As we enter 2021, we want to acknowledge the many DDI accomplishments in 2020 made possible by our passionate community volunteers and our 40+ member organizations. Achievements include:
DDI Lifecycle 3.3 public release. The result of six years of work addressing new requirements filed by the DDI community, DDI Lifecycle 3.3 offers better coverage for research and data management including non-survey data collection, sampling, and classification management.
New DDI product: SDTL. The Alliance membership approved an addition to the DDI product suite called Structured Data Transformation Language (SDTL). Designed as another tool to facilitate a DDI-based workflow through the research data lifecycle, SDTL provides machine-actionable descriptions of variable-level data transformation histories derived from any data transformation language (SPSS, SAS, Stata, R, etc.). The same scripts that are used to transform and manage variables and data files can be used to update metadata files, thereby increasing efficiency in the research process and reducing information loss.

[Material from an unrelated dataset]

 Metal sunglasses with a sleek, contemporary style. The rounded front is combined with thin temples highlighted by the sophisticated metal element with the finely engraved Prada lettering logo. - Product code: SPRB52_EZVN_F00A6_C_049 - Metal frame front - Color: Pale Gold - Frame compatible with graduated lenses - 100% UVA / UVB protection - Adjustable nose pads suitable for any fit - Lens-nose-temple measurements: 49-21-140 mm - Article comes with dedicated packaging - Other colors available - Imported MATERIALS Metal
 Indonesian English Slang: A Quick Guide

DDI-CDI public review. The Alliance announced the public review of a new specification called DDI – Cross Domain Integration (DDI-CDI). DDI-CDI is a model-driven specification that is designed to provide support for integrating data across domain and disciplinary boundaries, describing disparate data sources, and documenting their provenance. DDI-CDI is technology-agnostic and adaptable to any platform or representation, designed to meet emerging needs for the integration of old and new forms of research data. The development of DDI-CDI also spurred new partnerships with open science organizations like CODATA.

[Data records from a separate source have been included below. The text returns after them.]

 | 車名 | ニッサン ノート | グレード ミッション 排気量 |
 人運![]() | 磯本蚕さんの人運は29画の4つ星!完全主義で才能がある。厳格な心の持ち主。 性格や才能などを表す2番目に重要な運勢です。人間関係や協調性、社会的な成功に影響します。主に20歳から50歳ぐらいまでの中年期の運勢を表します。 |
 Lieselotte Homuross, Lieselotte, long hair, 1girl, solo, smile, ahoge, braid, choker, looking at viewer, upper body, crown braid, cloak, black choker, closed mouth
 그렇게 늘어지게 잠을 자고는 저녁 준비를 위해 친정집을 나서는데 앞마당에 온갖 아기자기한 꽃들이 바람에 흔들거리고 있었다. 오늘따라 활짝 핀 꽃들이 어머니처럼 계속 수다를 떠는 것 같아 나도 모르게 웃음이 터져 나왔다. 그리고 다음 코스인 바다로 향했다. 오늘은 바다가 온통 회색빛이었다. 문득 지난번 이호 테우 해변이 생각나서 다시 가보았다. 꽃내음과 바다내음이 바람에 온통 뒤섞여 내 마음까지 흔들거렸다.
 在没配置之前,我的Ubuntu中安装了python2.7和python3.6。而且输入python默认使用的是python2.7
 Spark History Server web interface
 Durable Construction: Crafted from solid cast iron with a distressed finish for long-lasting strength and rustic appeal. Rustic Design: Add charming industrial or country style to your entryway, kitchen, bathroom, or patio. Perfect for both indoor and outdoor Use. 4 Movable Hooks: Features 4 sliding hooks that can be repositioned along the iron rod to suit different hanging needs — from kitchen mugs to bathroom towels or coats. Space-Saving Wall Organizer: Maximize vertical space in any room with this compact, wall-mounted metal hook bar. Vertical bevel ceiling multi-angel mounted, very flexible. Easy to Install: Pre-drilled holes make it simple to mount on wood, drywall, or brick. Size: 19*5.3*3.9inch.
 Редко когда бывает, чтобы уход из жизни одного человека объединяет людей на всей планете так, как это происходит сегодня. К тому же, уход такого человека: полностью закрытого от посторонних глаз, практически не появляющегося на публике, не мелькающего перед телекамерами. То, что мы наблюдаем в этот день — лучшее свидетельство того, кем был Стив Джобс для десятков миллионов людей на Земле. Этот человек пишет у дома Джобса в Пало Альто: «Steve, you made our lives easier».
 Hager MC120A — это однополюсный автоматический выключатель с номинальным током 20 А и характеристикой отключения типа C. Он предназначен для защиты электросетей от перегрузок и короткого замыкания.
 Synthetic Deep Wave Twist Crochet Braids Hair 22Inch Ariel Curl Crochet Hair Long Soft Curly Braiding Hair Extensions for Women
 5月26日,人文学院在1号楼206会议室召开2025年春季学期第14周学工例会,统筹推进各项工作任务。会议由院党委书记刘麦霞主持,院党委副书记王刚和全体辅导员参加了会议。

International standards. The DDI Alliance is now a category A liaison to ISO/TC46/SC 4, This moves DDI-Codebook and DDI-Lifecycle closer to being recognized as official International Standards Organizations (ISO) standards. DDI work products are now also catalogued in FAIRsharing, a curated resource on data and metadata standards dedicated to making research data Findable, Accessible, Interoperable and Reproducible.

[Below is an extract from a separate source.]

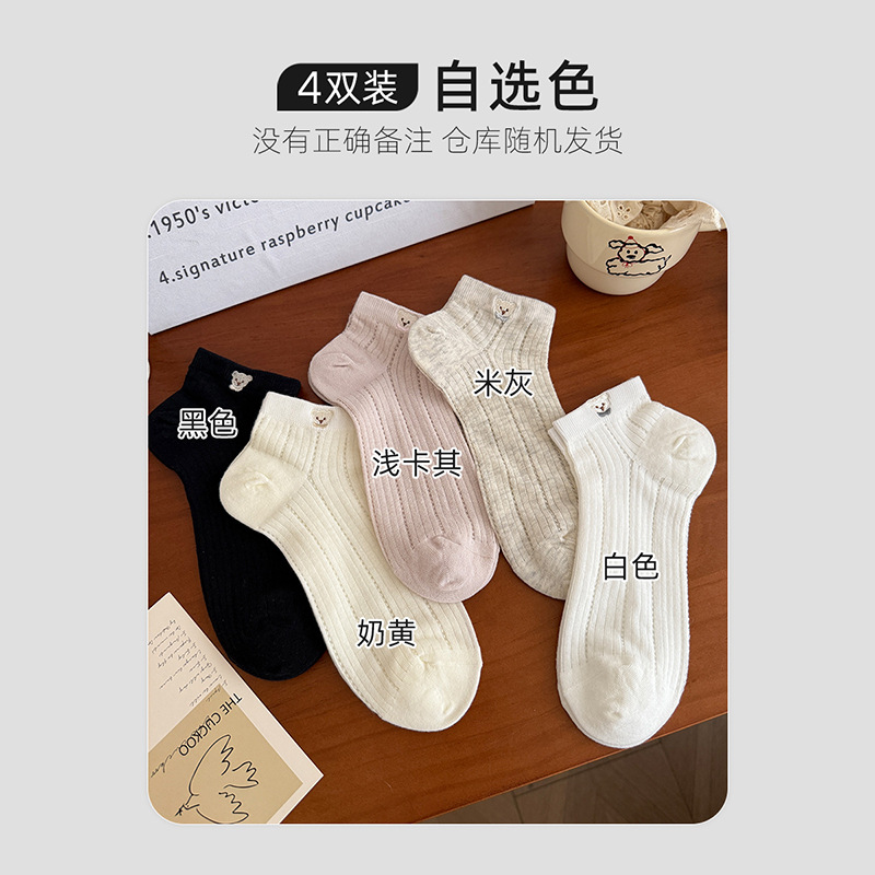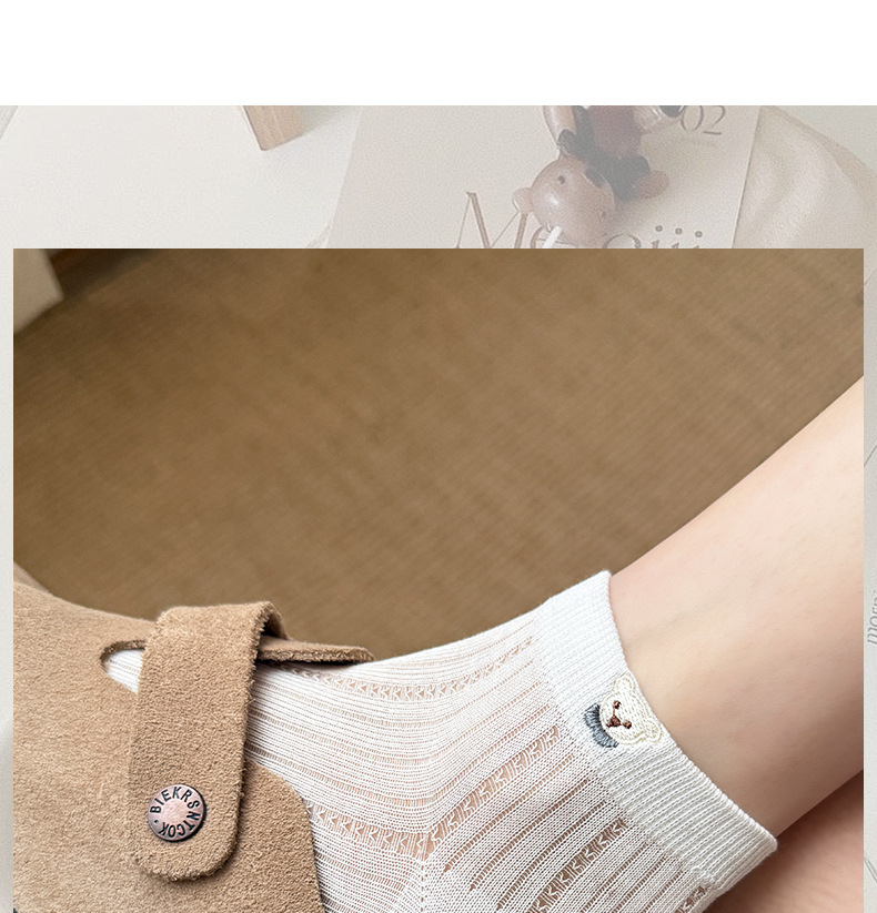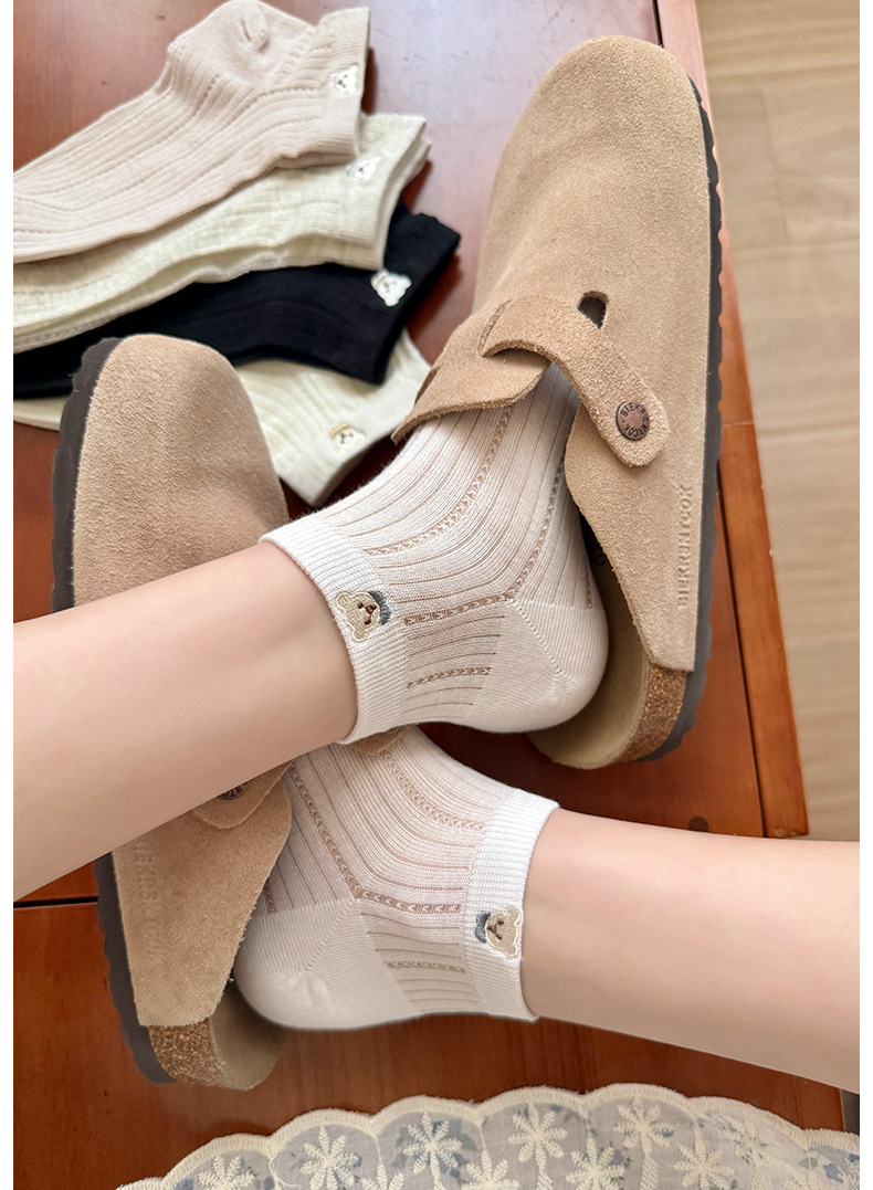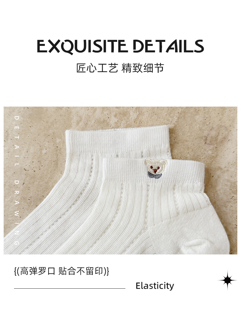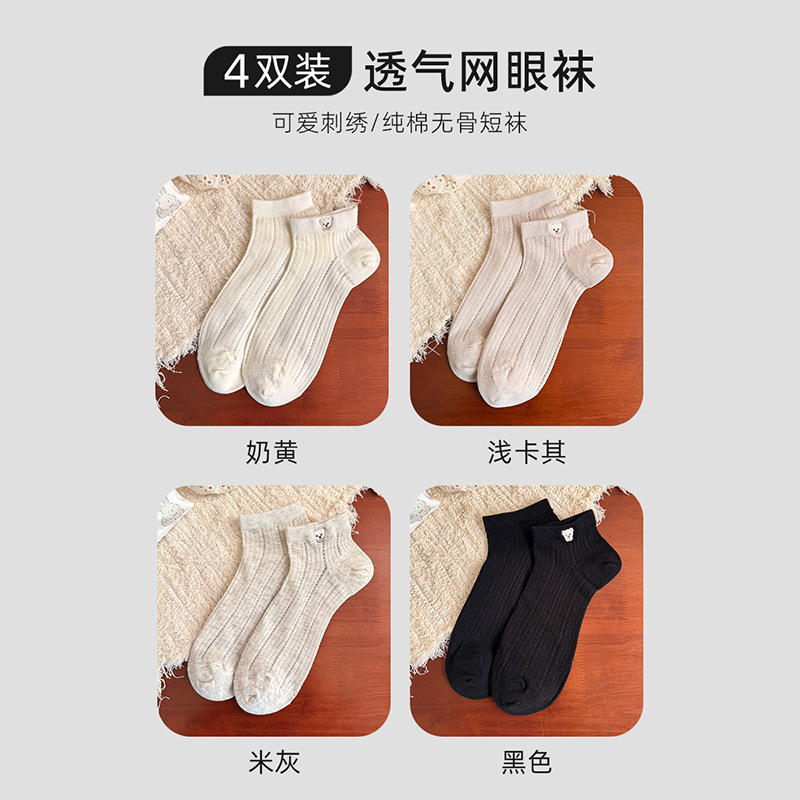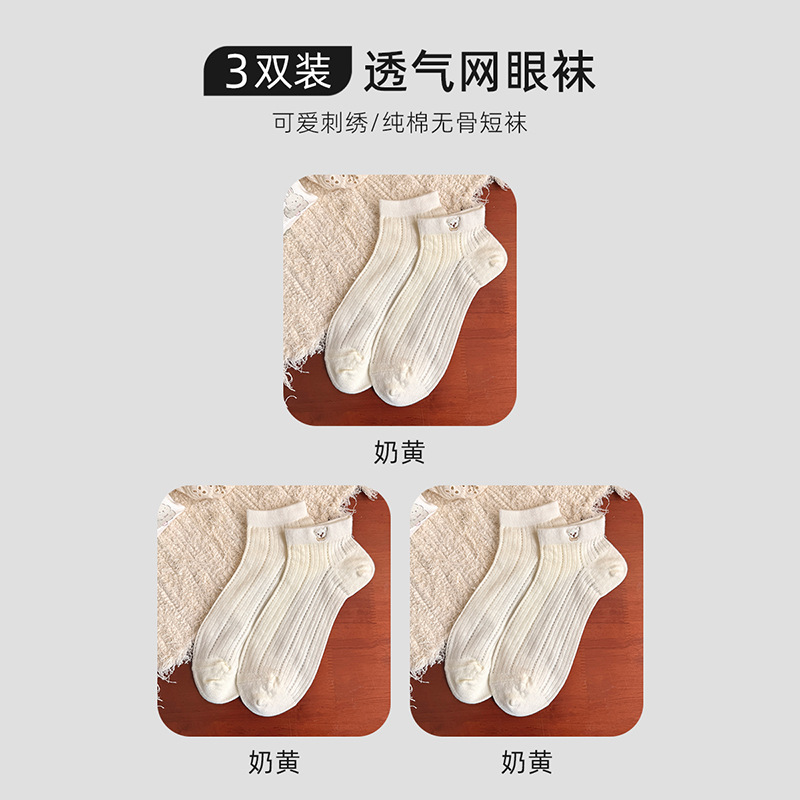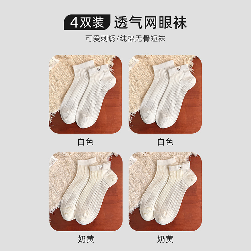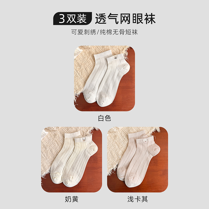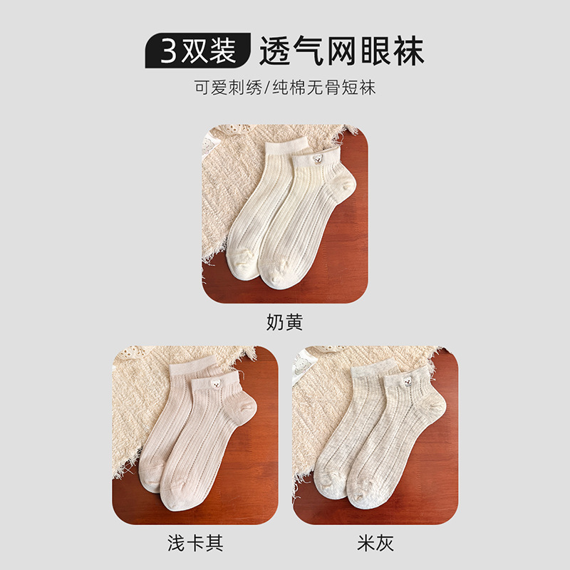 船袜女夏季薄棉袜小狗刺绣网眼中筒袜吸汗防臭经典百搭短袜女袜子

Organizational updates. The Alliance Bylaws were updated to reorganize the Scientific Board and a new Scientific Board was elected. These changes will improve the management and direction of the Alliance’s scientific and technical work activities. The Training Group was refreshed with new co-chairs and many new members. Finally, the Alliance website was reorganized to improve navigation and increase its usefulness for novices and experts alike, assigning responsibility for content to specific working groups.
As we start a new year, we look forward to building on these accomplishments and connecting with many of you on Alliance activities and at meetings in the coming year.